Recording artist and fashion designer Pharrell Williams warns that the aftermath of the killing of an unarmed black teenager in Ferguson, Missouri, will have a lasting effect on race relations in America.
Williams told CNN's
Don Lemon in an interview broadcast Monday that he is disappointed in how the government handled the case and in how the media chose to focus on rioters over peaceful protesters.
But, he said, the black community is more than is portrayed in the media.
"That's why I feel like the president needs to come down there," Williams said, "because when your parents come in the room, whether it's you or your cousin that knocked the vase down, both of y'all sit up at attention, and, as my dad would say, 'tighten up.'"
Williams said he doesn't agree with the initiative to get young black men to stop wearing their pants baggy and below their waists, but he also believes in personal responsibility.

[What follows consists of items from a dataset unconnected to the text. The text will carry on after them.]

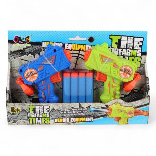 Szivacs lövedék kilövő pisztoly klt., 2 pisztoly, 24x15 cm dob.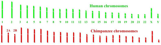 Oben: Chromosom 2a und Chromosom 2b des Schimpansen. Unten: fusioniertes Chromosom 2 des Menschen. Bei Anfärben entsteht dasselbe Bandenmuster. Die Chromosomen enthalten die gleichen Gene in der gleichen Reihenfolge in nahezu gleicher "Buchstabierung" (Basensequenz).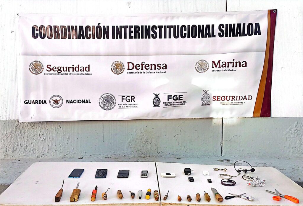 Ahome, Sin (RI Noticias).- Elementos de la Secretaría de Seguridad Pública de Sinaloa, a través de la Policía Estatal Preventiva, en coordinación con el Ejército Mexicano, la Guardia Nacional, la Secretaría de Marina, la Secretaría de Seguridad y Protección Ciudadana, la Fiscalía General de la República y la Fiscalía General del Estado, llevaron a cabo este viernes 19 de diciembre una revisión en un módulo del Centro Penitenciario Goros II, ubicado en el municipio de Ahome; aseguraron celulares, puntas y otros objetos prohibidos.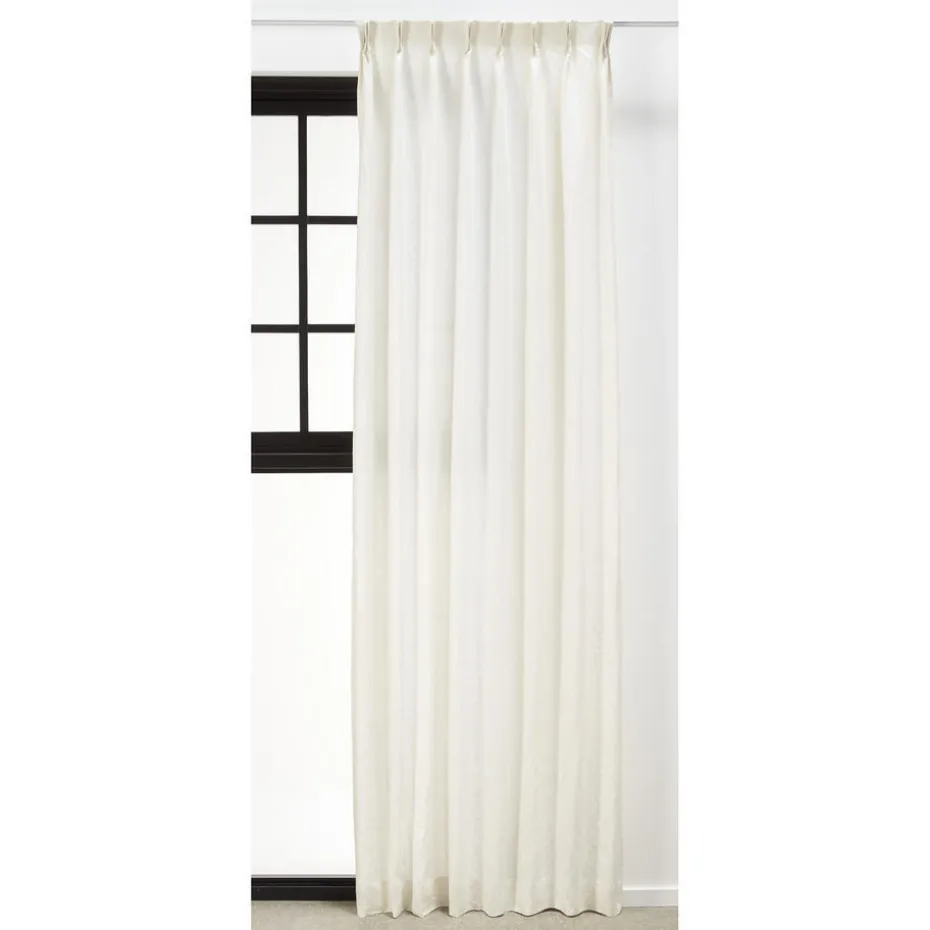 Gordijnstof van off-white linnen. Pluisvrij, luchtig en sterk. 140 cm breed.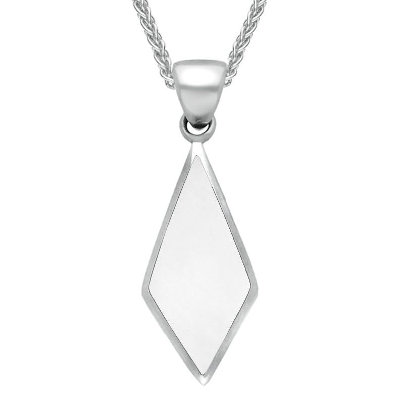 A stylish and feminine pendant. Hand carved and polished to a reflective smooth finish, an elongated diamond shaped Bauxite gemstone is set into sterling silver, and is solidly backed. Presented on an 18 inch sterling silver chain, through a bail which is attached to the drop with a tiny link at the top point.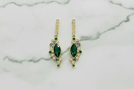 Silver earrings with green circuses.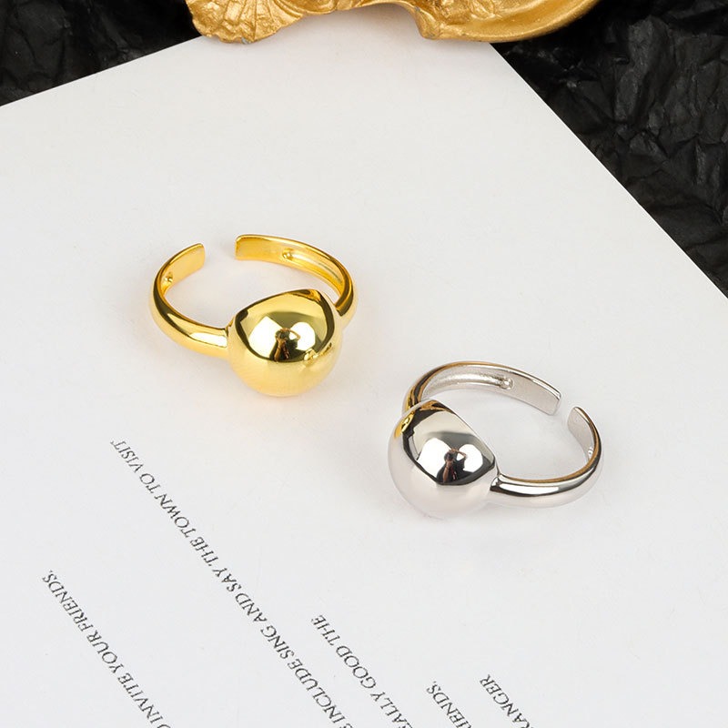 S925 sterling silver ring opening adjustable geometric bead ring for women
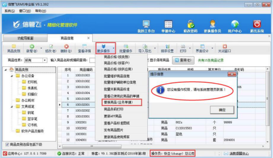 信管飛RMS軟件、信管飛倉庫管理軟件、信管飛送貨單軟件等支持設置多個操作員登錄軟件,對登錄的操作員軟件可控制操作員權限。開單過程中可能存在單據商品信息輸入錯誤現象,軟件可在基礎資料—》商品信息中對錯誤商品進行替換。為避免多個操作員重復替換出錯,可設置操作員不可批量替換商品(業務單據)的權限,可指定一個操作員允許操作。  &nbs

"When they told him to get out of the road, he probably should have got out of the road. I wouldn't have been in the road to begin with," he said, alluding to the fact that the shooting death of Michael Brown began when police officer Darren Wilson told him and a friend to stop walking in the middle of the street.
Williams also discussed the anger that some people had over the police releasing a store surveillance tape of Brown stealing cigars and shoving a store clerk minutes before he was killed.
"I come from a black family that my grandma would've said, 'Let me see that other tape, too.' And you would get a beating for that," he said.
Williams said the killing came at a time when people thought race relations were getting better. Instead, they have been stirred up all over again.
"This is going to be the longest hangover in race relations ever," he said.